Apart from that (Loyola said), her great age would have entitled her to respect, apart from her life of service, when he described that terrible evening at the dinner party of the Cultural Delegation when María insulted them all.
At a party the previous week, for the All-Ireland Director of Operations for Standard Oil (New Jersey, U.S.A.) María showed signs of restlessness by leaving the dinner table before the tortilla. Loyola excused her by saying that she had a headache, and sweet things did not agree with her, and she was gone up to her room to lie down.
Now, many of the guests had on previous occasions seen her consume square yards of tortilla, of which she was extremely fond, and the fact that
she had not gone up to her bedroom, but down to the kitchen, was made apparent to all assembled, by the rising notes of her fiddle on which she was playing the well-known tune,
Upstairs
in
a
Tent
, for a hornpipe danced by the gardener’s boy and a housemaid.

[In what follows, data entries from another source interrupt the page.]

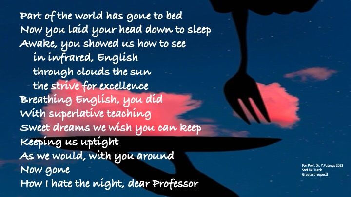 Dear Professor Putseys, thank you for loving, living and breathing the English language, thank you for your dedication and commitment, thank you for scaring me into aiming for perfection, thank you for your lasting impact on my life.
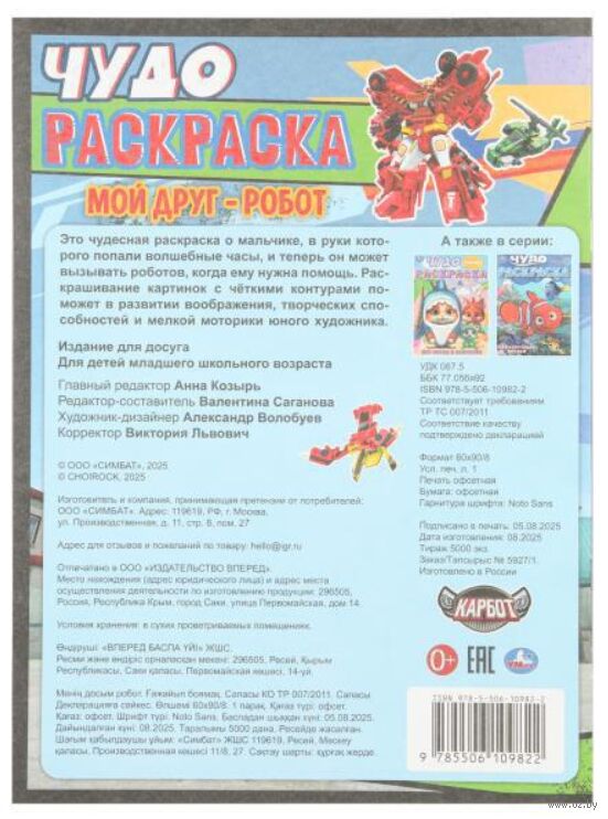 Эта увлекательная раскраска про удивительные говорящие машинки, трансформирующиеся в роботов, непременно понравится вашему ребёнку. Раскрашивая героев любимого мультфильма, маленький художник не только отлично проведёт время, но и разовьёт воображение, потренирует внимание, научится аккуратности и, конечно же, потренирует руку к письму. Благодаря удобному формату раскраску можно взять с собой в путешествие.
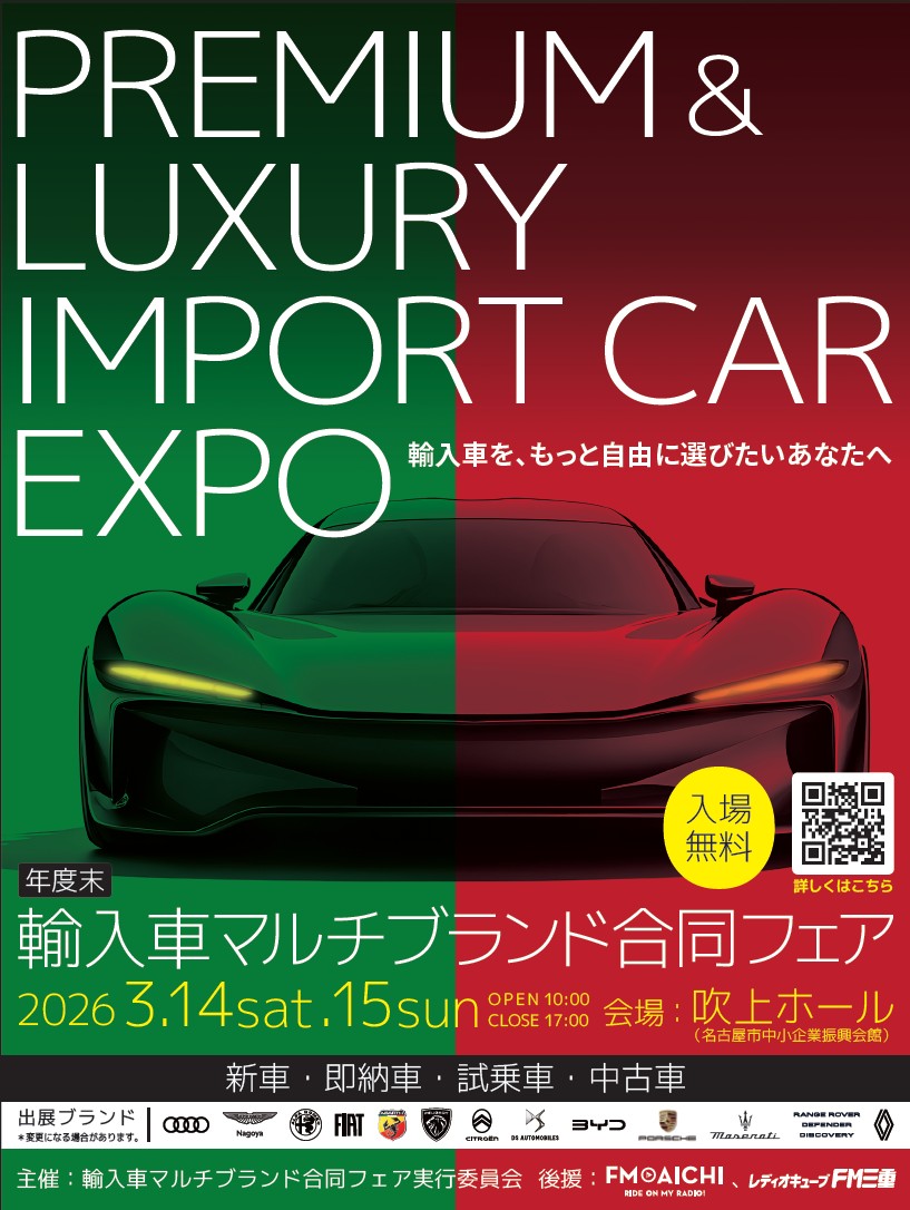 ※PREMIUM&LUXURY IMPORT CAR EXPOは、3/14と3/15の二日間にわたって10:00~17:00で開催。

This was bad enough, though the party consisted of Dublin businessmen, who all suffered from their own wife troubles, but the next day, she announced to Loyola that she was sick and tired of his friends and acquaintances, and would he let her off those parties, and let her amuse herself with her own friends, in the kitchen.
‘With the servants?’ asked Loyola.
‘They are friends and relations, some of them of yours and mine,’ said María.